TOUJOURS remplie des mêmes sentimens à notre égard, toujours disposée à rendre justice à Valmont, la Reine n'a vu qu'avec le plus sensible déplaisir son départ et le mien. Quelque désir qu'elle eût de me retenir auprès d'elle, quelque affligée qu'elle fût de cette nouvelle séparation, elle n'a pas cru devoir s'opposer à ce que j'accompagnasse mon mari dans son Gouvernement.

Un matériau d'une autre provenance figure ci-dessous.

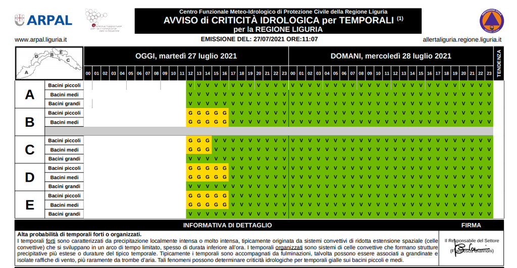 Allerta meteo gialla per temporali: chiusura confermata alle 15.00 sul levante (zona C); allerta prolungata fino alle 17 su centro e versanti padani (zone B, D, E).

Sa réputation l'avoit devancé ; la haute idée qu'on s'est faite de son équité, de sa sagesse, et de sa bonté, avoit prévenu presque tous les esprits en sa faveur. J'ai vu les coeurs voler au devant de lui ; j'ai vu la joie publique éclater par les plus vifs et les plus doux transports. Tout étoit prêt pour le recevoir; et malgré les précautions qu'il avoit prises pour cacher son arrivée, notre entrée a eu tout l'air d'un triomphe. La modestie de Valmont en a souffert; quant à moi, j'ai craint que la jalousie de ses ennemis n'en fût irritée, et ne lui fit un crime de l'amour qu'on lui témoigne ; j'avoue cependant que

ma tendresse pour lui s'en est trouvée si flattée, que je ne me fusse portée qu'avec peine à lui sauver ces marques d'estime et de bienveillance, si cela même eût été en mon pouvoir. Eh! qui les mérita mieux que lui? Déjà tous ses instans sont consacrés à des soins pénibles et au soulagement du peuple. A travers l'alégresse commune il a vu percer la misère. Il en gémit; il y cherche les plus puissans remèdes; occupé des besoins d'une infinité d'hommes, il ne lui reste pas le tems de penser à lui-même ; et sûre de son amour, je lui pardonne d'être si rarement occupé de moi.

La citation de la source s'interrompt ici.